• TASK OBJECTIVE
A verbatim copy of all the data is required, minus any images.

• GIVEN INFORMATION
- Opening Delimiter -

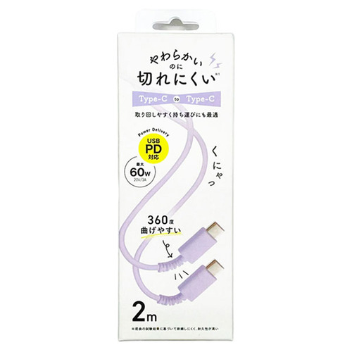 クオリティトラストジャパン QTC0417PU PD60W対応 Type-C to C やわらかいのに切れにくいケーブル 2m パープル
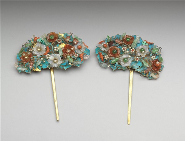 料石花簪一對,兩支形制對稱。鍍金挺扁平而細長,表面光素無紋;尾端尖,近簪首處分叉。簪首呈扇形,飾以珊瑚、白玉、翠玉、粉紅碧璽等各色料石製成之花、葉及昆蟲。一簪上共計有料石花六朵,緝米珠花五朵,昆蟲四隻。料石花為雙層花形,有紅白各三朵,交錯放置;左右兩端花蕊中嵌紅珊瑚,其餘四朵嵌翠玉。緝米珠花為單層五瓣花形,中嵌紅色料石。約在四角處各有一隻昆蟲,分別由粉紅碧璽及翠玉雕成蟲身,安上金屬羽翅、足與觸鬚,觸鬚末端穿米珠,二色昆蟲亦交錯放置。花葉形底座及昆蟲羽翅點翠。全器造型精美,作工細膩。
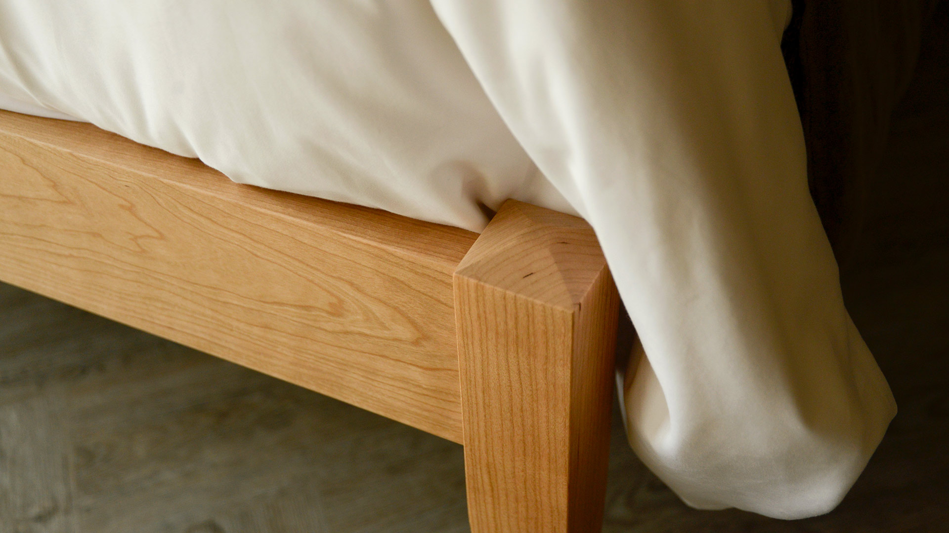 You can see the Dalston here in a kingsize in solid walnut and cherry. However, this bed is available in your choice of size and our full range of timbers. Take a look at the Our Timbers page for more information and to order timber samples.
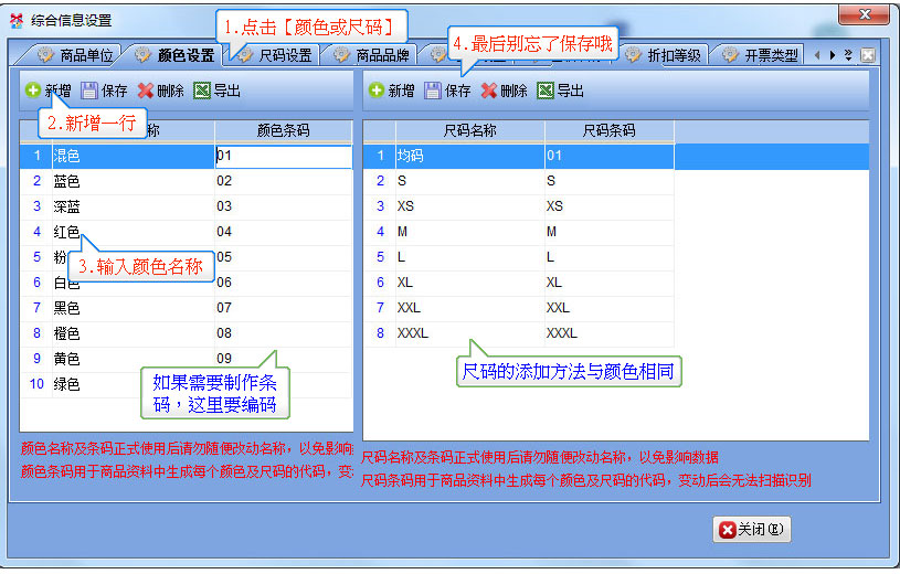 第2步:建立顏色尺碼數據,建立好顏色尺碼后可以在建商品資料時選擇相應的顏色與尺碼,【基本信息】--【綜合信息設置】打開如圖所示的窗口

- Closing Delimiter -

• COMPLETED TASK
 クオリティトラストジャパン QTC0417PU PD60W対応 Type-C to C やわらかいのに切れにくいケーブル 2m パープル
 料石花簪一對,兩支形制對稱。鍍金挺扁平而細長,表面光素無紋;尾端尖,近簪首處分叉。簪首呈扇形,飾以珊瑚、白玉、翠玉、粉紅碧璽等各色料石製成之花、葉及昆蟲。一簪上共計有料石花六朵,緝米珠花五朵,昆蟲四隻。料石花為雙層花形,有紅白各三朵,交錯放置;左右兩端花蕊中嵌紅珊瑚,其餘四朵嵌翠玉。緝米珠花為單層五瓣花形,中嵌紅色料石。約在四角處各有一隻昆蟲,分別由粉紅碧璽及翠玉雕成蟲身,安上金屬羽翅、足與觸鬚,觸鬚末端穿米珠,二色昆蟲亦交錯放置。花葉形底座及昆蟲羽翅點翠。全器造型精美,作工細膩。
 You can see the Dalston here in a kingsize in solid walnut and cherry. However, this bed is available in your choice of size and our full range of timbers. Take a look at the Our Timbers page for more information and to order timber samples.
 第2步:建立顏色尺碼數據,建立好顏色尺碼后可以在建商品資料時選擇相應的顏色與尺碼,【基本信息】--【綜合信息設置】打開如圖所示的窗口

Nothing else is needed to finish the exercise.